News broke late Tuesday that Russian hackers have acquired over one billion username and password combinations, the largest known collection of stolen Internet credentials. It’s a massive number, when you consider that there are 2.9 billion Internet users in the world, and it’s highly likely that many of us have at least one affected account.
How many people have been affected?
It’s difficult to say. We know that a total of 1.2 billion unique username and passwords were stolen, but that doesn’t mean that 1.2 billion people were affected—that’s because many people may have each had multiple account credentials stolen.
We also know that the stolen credentials were linked to over 540 million email addresses, which might be a better measure of the number of people affected. However, some people use fake email addresses, and some email addresses may be out of service. So there’s still a fair amount of uncertainty in the number of people who may have an account or two that are hackable.
But the sheer number of credentials could open the door to many more attacks. And 1.2 billion accounts isn’t a number to sneeze at. It means 1.2 billion internet users’ accounts could theoretically be accessed by a hacker at any time.
Who stole all these usernames and passwords?
The group responsible is a crime ring based in a small city in south central Russia, the region between Kazakhstan and Mongolia, according to a New York Times report. The men who did the stealing are in their 20s, know each other personally (not just online) and there are fewer than a dozen of them. Security experts have dubbed the group “CyberVor,” with “vor” meaning “thief” in Russian.
Who finally figured out this was happening?
A cybersecurity firm called Hold Security discovered the hack. The company has a good track record discovering big data breaches, identifying a large data breach at Adobe Systems in October 2013, and tracking the Target breach in December.
How did the Russian hackers manage to get this much private information?
The hackers used networks of infected computers (known as a botnet) that had a computer virus to scour the Internet for vulnerable websites. Whenever a user on an infected computer visited a website, the computer tested the website to see if it was susceptible to hacking. If it was, the criminals flagged the website, and returned later with a hack called an SQL injection, which reproduces the website’s database contents.
“The botnet conducted possibly the largest security audit ever,” said Hold Security in its blog post.
Will you know if your passwords have been stolen?

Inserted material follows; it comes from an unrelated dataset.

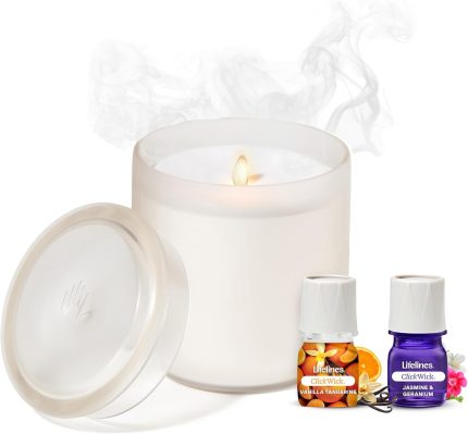 Lifelines Flameless Candle Aromatherapy Essential Oil Diffuser with 2 ClickWick Essential Oil Blends – Cordless & Waterless Diffuser for Home – Scented Electric Candles Blow Out Flame – Frosted Cream

There’s a good chance you won’t know if your passwords were taken as part of this heist. If you discover that someone has logged into your account, that’s not a good sign, but it’s unlikely that’d happen.
What are the hackers doing with the passwords?

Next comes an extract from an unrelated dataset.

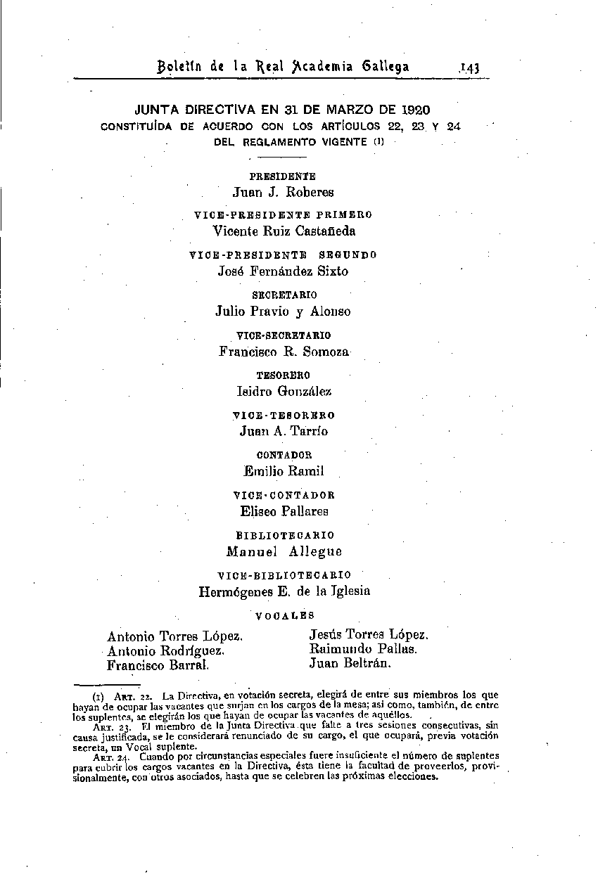 JUNTA DIRECTIVA EN 31 DE MARZO DE 1920

As of now, the criminals have not sold many of the records online, and instead are giving the information to third parties to send spam on social networks like Twitter. They’re then collecting fees for their work. So far, it doesn’t appear to be a complete disaster for Internet users, but it leaves a lot of people very vulnerable.
What should you do now?
It’s probably a good idea to change your password now. And if you use the same passwords for multiple websites—don’t. Reusing passwords is not a good idea because it makes it that much easier for hackers to get into many of your accounts and access key information like your credit card data. Security experts recommend regularly changing your passwords anyway.
“Individuals should get in the habit of changing their passwords, sort of like doing taxes,” said Carl Herberger, vice president of the security firm Radware. “Time decays any security measure you have in place.”